If you’ve recently applied for credit or a loan and have been denied, do you know why?
It might be worth taking a look at your credit report to see just what potential lenders are going to find on your report. In fact, you are entitled to a free credit report within 60 days if a lender has denied you credit based on their review of your credit report. But what if you get a copy of your credit report and find that it has errors which are impacting your credit rating?
Then it’s up to you to take charge and start a six step plan to fixing those credit report errors:
Contact the Credit Bureau
Document any and all errors you find and then write a letter to the credit bureau. Be sure to state what you believe is in error and provide documentation. Identify your letter as an attempt to address a disputed claim.
Contact the Credit Issuer
In addition to contacting the credit bureau, you ‘ll need to contact the creditor or the source of the disputed information. Provide the same detail and documentation as you provide to the credit bureau. Be sure to indicate that your correspondence is in regards to disputed billing, payment or information.

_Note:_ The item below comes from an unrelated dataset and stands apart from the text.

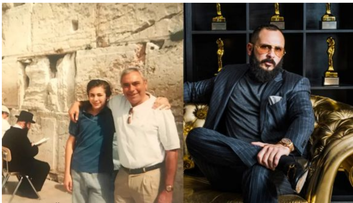
Židovský porno magnát Greg Lansky u Zdi nářků

Dobrým příkladem budiž i Greg Lansky . Sebestředný židovský porno magnát z Francie se vyžívá v záři reflektorů a jasně ukazuje, že producentům porna nemusí nutně jít jen o peníze. V rozhovoru pro Haarec je Lanskyho vyprávění o „opakovaných setkáních s antisemitismem“ během svého dospívání ve Francii doplněno fotkou z jeho návštěvy u Zdi nářků v dětství. V nápadně se opakujícím motivu se svěřuje, že ho ke kariéře ve filmech pro dospělé „přivedl i pocit sounáležitosti s bojovníky za přijetí“. 7]

Keep all originals of billings, statements and the copy you have of your credit report. Provide only copies of these or you’ll end up paying to get replacements for your own files.
Start a Documentation Log
Keep copies of all correspondence and at minimum make notations of any supporting documentation mailed to the credit bureau or credit issuer. Record the dates and times of phone calls along with the names of representatives involved in handling your files.
Use Certified Mail
Don’t let your mailings get lost in the bureaucracy of the systems. Send all items by certified mail to assure that your mail can be traced in terms of who received it and when.
Don’t Ignore the Problem
If you just hope the problem of errors on your credit history will disappear, then be prepared to wait a long time. Credit information can remain on your report for as long as seven years and up to ten years in cases of bankruptcy.
If after taking these steps you don’t see any progress in resolving the errors, you can turn to Uncle Sam for help by phoning the Federal Trade Commission help line at 1 – 877 – FTC – HELP.
Being approved for loans and credit is not only a matter of keeping up with payments but also requires diligence to make certain that your credit report reflects your good credit history.